In [18]:
import gzip
import shutil
import time

import pandas as pd
import requests
import torch
import torch.nn.functional as F
import torchtext

import transformers
from transformers import DistilBertTokenizerFast
from transformers import DistilBertForSequenceClassification

In [19]:
torch.backends.cudnn.deterministic = True
RANDOM_SEED = 123
torch.manual_seed(RANDOM_SEED)
DEVICE = torch.device('cuda' if torch.cuda.is_available() else 'cpu')
DEVICE = 'cpu'

In [20]:
texts, labels = [], []
with open("./emos/Emotion_Dataset_Custom.txt") as f:
    str = f.readline()
    while str:
        data = str.split("#$#")
        texts.append(data[0].strip())
        labels.append(data[1].strip())
        str = f.readline()

df = pd.DataFrame()
df["sentence"] = texts
df['label'] = labels
df['label'].replace(to_replace=['joy', 'fear', 'sadness', 
                                 'anger', 'disgust', 'surprise'], value=[0, 1, 2, 3, 4, 5], inplace=True)

In [21]:
train_texts = df.iloc[:250]['sentence'].values
train_labels = df.iloc[:250]['label'].values

valid_texts = df.iloc[250:275]['sentence'].values
valid_labels = df.iloc[250:275]['label'].values

test_texts = df.iloc[275:]['sentence'].values
test_labels = df.iloc[275:]['label'].values

In [22]:

valid_texts = df.iloc[250:275]['sentence'].values
valid_labels = df.iloc[250:275]['label'].values

test_texts = df.iloc[275:]['sentence'].values
test_labels = df.iloc[275:]['label'].values

In [23]:
tokenizer = DistilBertTokenizerFast.from_pretrained(
    'distilbert-base-uncased'
)

train_encodings = tokenizer(list(train_texts), truncation=True, padding=True)
valid_encodings = tokenizer(list(valid_texts), truncation=True, padding=True)
test_encodings  = tokenizer(list(test_texts), truncation=True, padding=True)

In [24]:
class EMoSDataset(torch.utils.data.Dataset):
    def __init__(self, encodings, labels):
        self.encodings = encodings
        self.labels = labels
    
    def __getitem__(self, idx):
        item = {key: torch.tensor(val[idx])
            for key, val in self.encodings.items()}
        item['labels'] = torch.tensor(self.labels[idx])
        
        return item
    
    def __len__(self):
        return len(self.labels)

In [25]:
train_dataset = EMoSDataset(train_encodings, train_labels)
valid_dataset = EMoSDataset(valid_encodings, valid_labels)
test_dataset = EMoSDataset(test_encodings, test_labels)


In [26]:
train_loader = torch.utils.data.DataLoader(
train_dataset, batch_size=16, shuffle=True)
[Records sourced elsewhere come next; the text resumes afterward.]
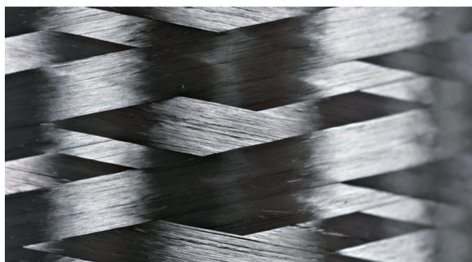
3月17日,刚刚下线的SYT80(T1200级)碳纤维局部特写,它的一束丝由12000根碳纤维组成。

根据科研人员拉力测算,一根手指粗的超强碳纤维,能吊起一架总重约80吨的大飞机。这根强劲的“中国丝”凭着超细、超轻、耐高温、抗腐蚀,强度高等优势,成为深海、深空等装备的重要材料。
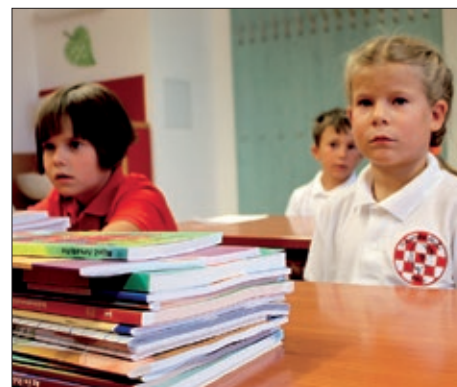
U školi Miroslava Krležje završeno prvo polugodište
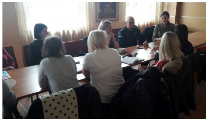
spotkanie w Urzędzie Miasta i Gminy w Koluśkach
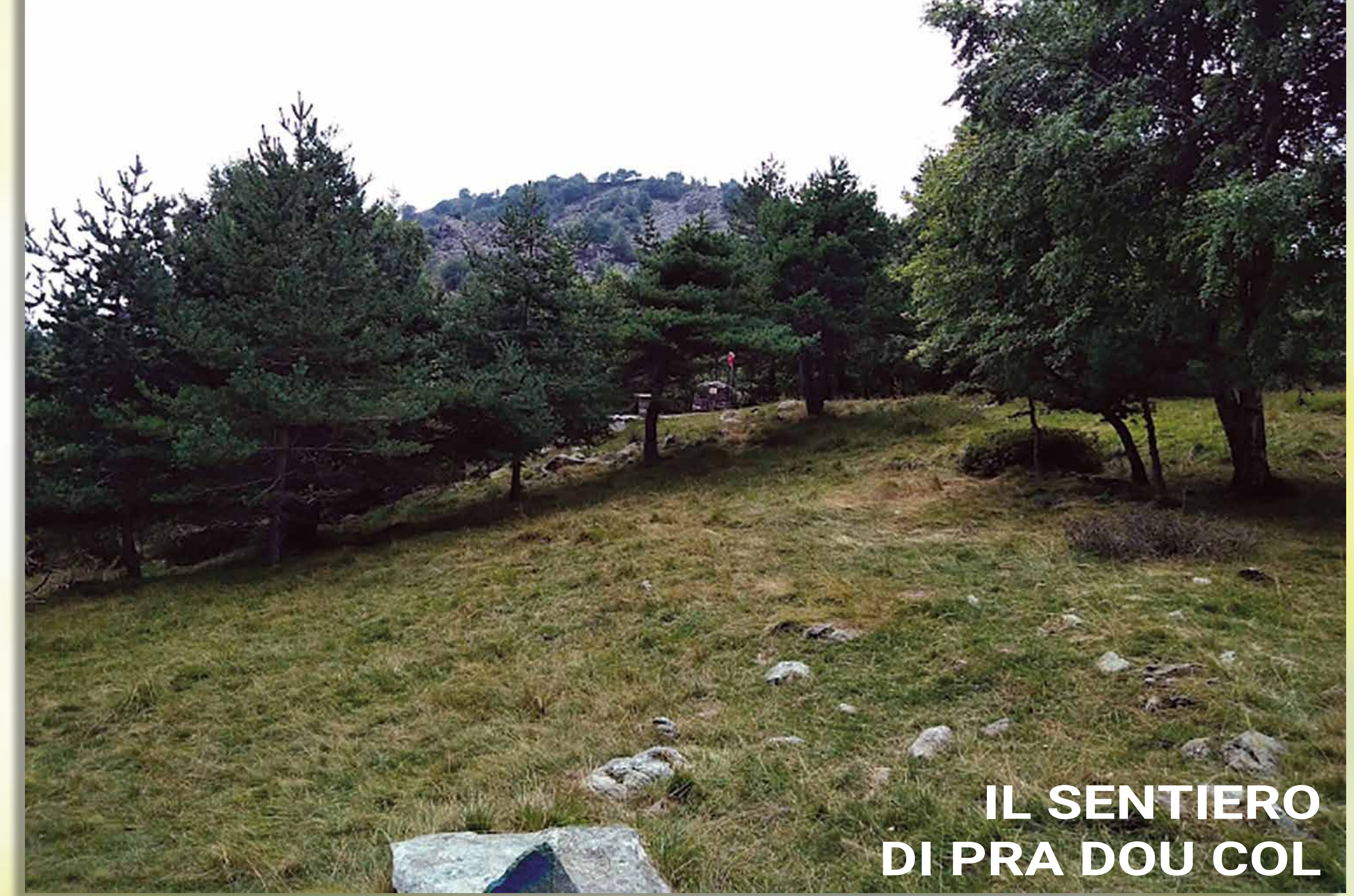
IL SENTIERO DI PRA DOU COL
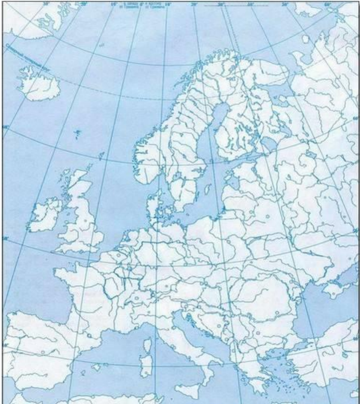
Рис.1 Географическое положение Европы
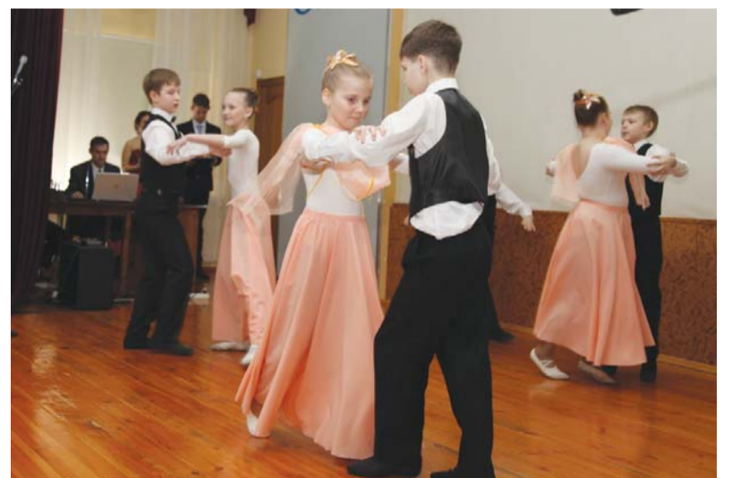
Выступает детская танцевальная студия АО «Газпром газораспределение Тамбов»
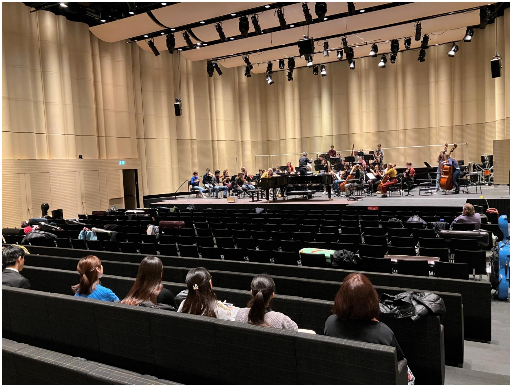
Rehearsal of the Beethoven Project
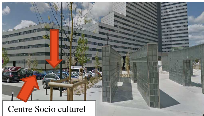
Centre Socio culturel Du Sillon de Bretagne

Coordonnées GPS : 47° 14' 37.969" Nord et 1° 36' 24.569" Ouest.
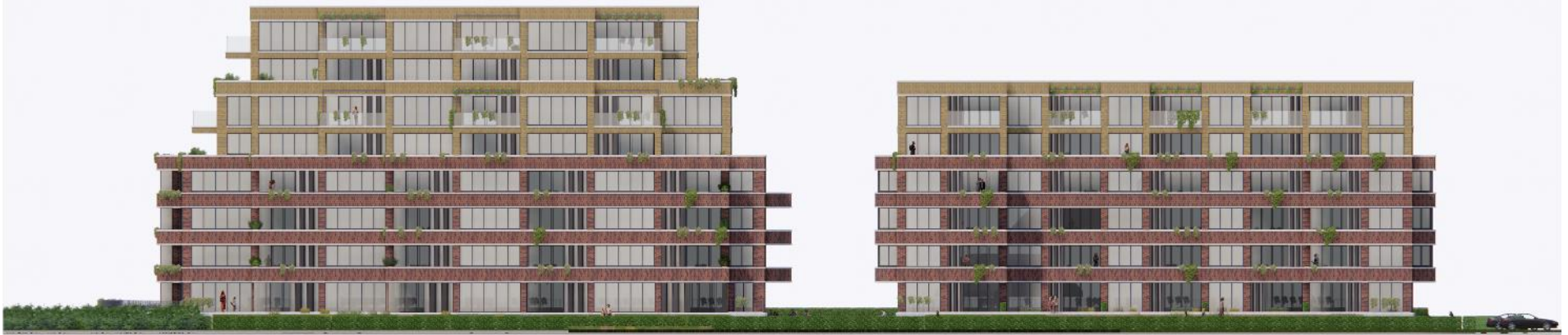
Aanzicht vanaf Ceintuurbaan
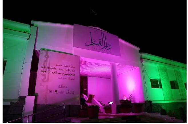
Figür 5: Dar-ül Kalem Merkezi ( https://www.arabnews.com/sites/default/files/userimages/2433041/img_3575.jpg , Erişim Tarihi: 11.11.2022)

Suudi Arabistan Kültür Bakanlığı 2020'yi Arap Hat Yılı ilan etmiş ve Medine merkezli Dar-ül Kalem Kompleksi, Arap hat sanatında yeterlilik sertifikaları veren uluslararası bir enstitü olma planlarını açıklamıştır. Velihaht Prens Muhammed bin Selam tarafından desteklenen merkezin geliştirilerek alanında öncü bir kurum haline getirilmesi planlanmaktadır ( https://saudigazette.com.sa/article/592406/SAUDI-ARABIA/Dar-Al-Qalam-calligraphycenternamed-after-Crown-Prince ).
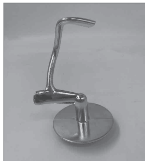
Крюк для замешивания

С помощью кнопки откидывания моторного блока можно откинуть моторный блок , чтобы установить или снять насадки и чашу . Загрузочное отверстие на крышке чаши позволяет добавить ингредиенты при установленной крышке без откидывания моторного блока.
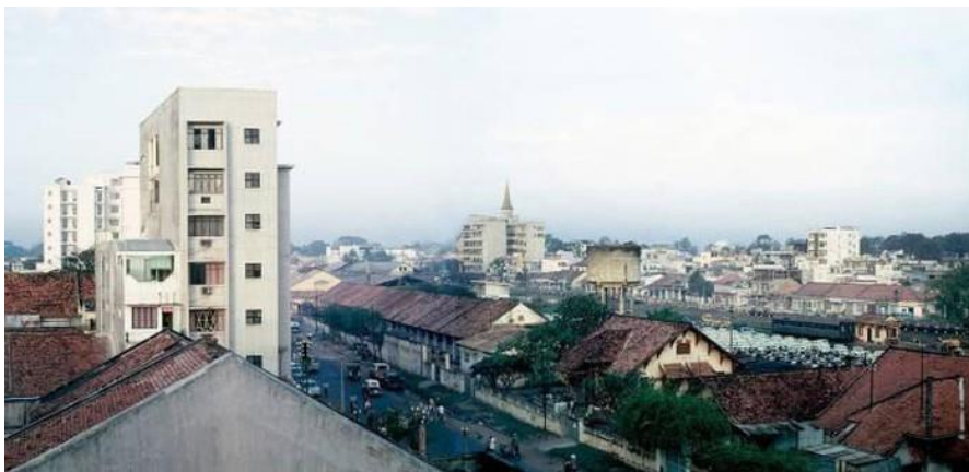
13. Đường Phạm Ngũ Lão năm 1969 – 1970

valid_loader = torch.utils.data.DataLoader(
valid_dataset, batch_size=16, shuffle=False)

test_loader = torch.utils.data.DataLoader(
test_dataset, batch_size=16, shuffle=False)

In [22]:
model = DistilBertForSequenceClassification.from_pretrained(
'distilbert-base-uncased', num_labels=6)
model.to(DEVICE)
model.train()
optim = torch.optim.Adam(model.parameters(), lr=5e-5)

Some weights of DistilBertForSequenceClassification were not initialized from the model checkpoint at distilbert-base-uncased and are newly initialized: ['classifier.bias', 'pre_classifier.bias', 'classifier.weight', 'pre_classifier.weight']
You should probably TRAIN this model on a down-stream task to be able to use it for predictions and inference.


In [23]:
def compute_accuracy(model, data_loader, device):

    with torch.no_grad():
        correct_pred, num_examples = 0, 0
        for batch_idx, batch in enumerate(data_loader):
            ### Prepare data
            input_ids = batch['input_ids'].to(device)
            attention_mask = \
            batch['attention_mask'].to(device)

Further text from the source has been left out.